Where do I go from here? There are several different platforms you could potentially use when designing a professional site. Some scholars use a simple WordPress.com site. In fact, DiSC also has a very useful workshop on creating a WordPress.com site. I like WordPress because it is an easy platform to use and is open-source. Further, WordPress.com sites usually take very little time to set up, you can choose from many different themes, and update them when you want. I downloaded my own WordPress package from WordPress.org and use a site called Hostmonster to be able to have my own domain name. While WordPress.com hosts websites, WordPress.org gives you the WordPress program to set up your own website whereever you want. Some people are fine with having http://yourname.wordpress.com, but I like the idea that people can easily remember my URL (“http://www.rogerwhitson.net”). You can pay for WordPress to host your domain name, but there are further advantages to using WordPress.org. These include the ability to extend the functionality of your website using plugins. I use several plugins on my site including Blackbird Pie, which allows me to embed Tweets into my site; WordPress GoodReads Bookshelf, which displays images of the books I’m currently reading; and Vimeo Quicktags, which allows me to embed videos uploaded to the Vimeo site easily. Some scholars also use Drupal, code websites themselves, or hire a professional developer but these are solutions that are often too complex and/or expensive to really help individual scholars. I am also able, should I decide to do so, to change the design of my theme by using CSS in the Editor on the WordPress dashboard.

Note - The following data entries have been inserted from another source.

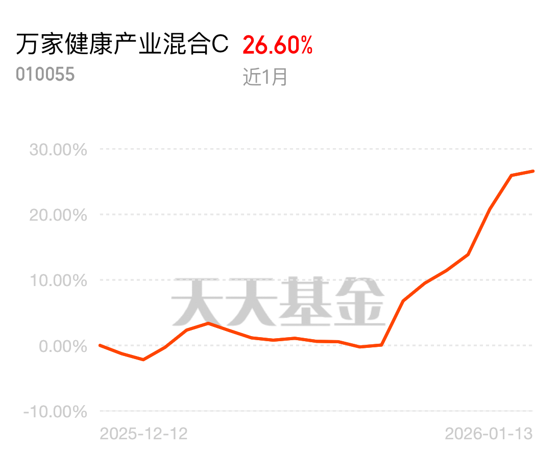 今天医药板块继续上涨了,医药开始发力了,现在投性价比挺高。万家健康产业最近表现不错,近一一个月涨26%,人口老龄化刚需,业绩增长比较明显!每次调整都可以继续投资起来了,可以进一步降低投资成本的!值得我们定投看看。长期收益还是不错的!
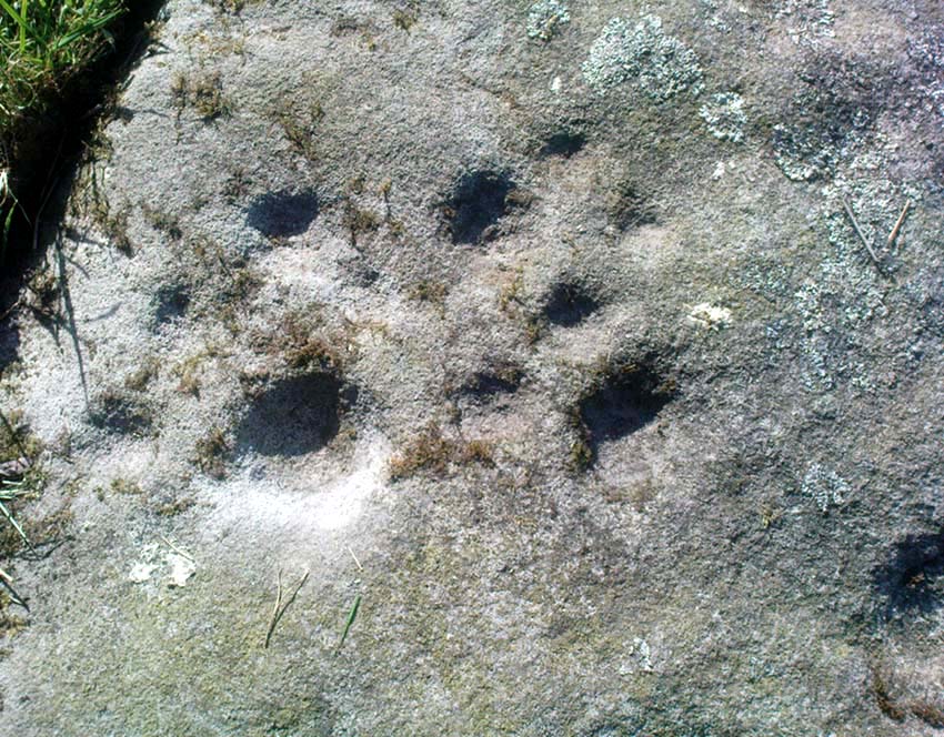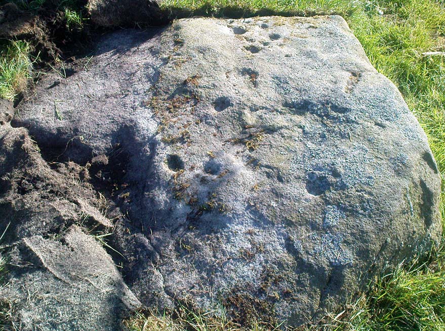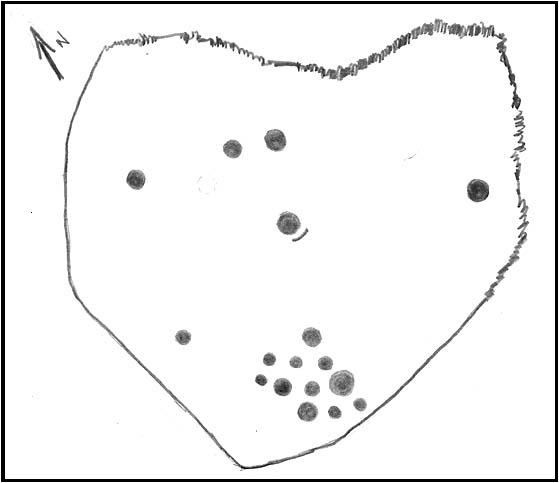 Although no accurate measurements were made of the stone (it was bigger than 10-inch!), at least 17 cup-markings were counted here: one singular and very well-preserved cup, alone on its southern edge, right by the walling. But the main feature of the design is a cluster of cup-marks (at least 11) on the western side of the rock — one part of this cluster having the appearance of the figure 5 on a dice! Several other well-defined cups occur on the central and more northern end of the rock.
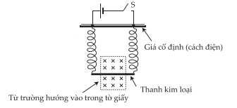 Sơ đồ cho thấy một thanh kim loại được treo trong từ trường bởi hai lò xo dẫn thẳng đứng. Pin và thanh có điện trở không đáng kể. Đóng công tắc S.
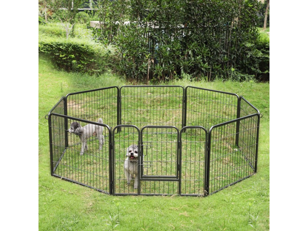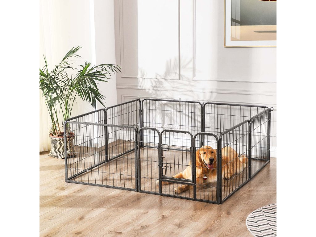 8-panelová ohrádka pro psy, železná klec pro psy, ohrádka pro štěňata, skládací a přenosná, 77 x 60 cm, šedá.
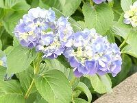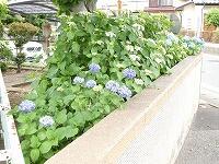 <学校の生き物たち紹介> 正門北側の植え込みで、色とりどりのアジサイが咲きそろいました。
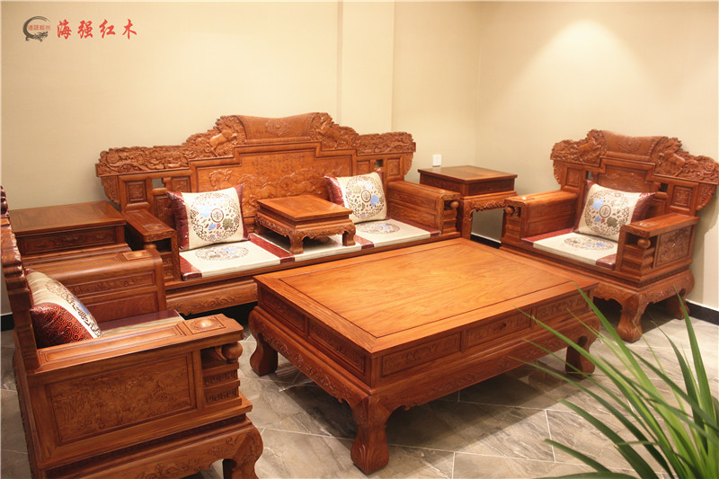 此實(shí)拍的寶馬沙發(fā)紅木家具圖片為7件套的,適合小戶家庭客廳擺放。

Ultimately, the choice to create a professional website depends on a number of factors: who is your potential audience? Are the schools you are applying to invested in digital technology? Does your professional identity include technology in any significant way? While many academics may not want to create a professional website for precisely these reasons, controlling your online presence is becoming increasingly important as employers gain skill in using digital technology. Creating a professional website is one of many tools you can use to make sure the message potential employers get from the web is the message you intend.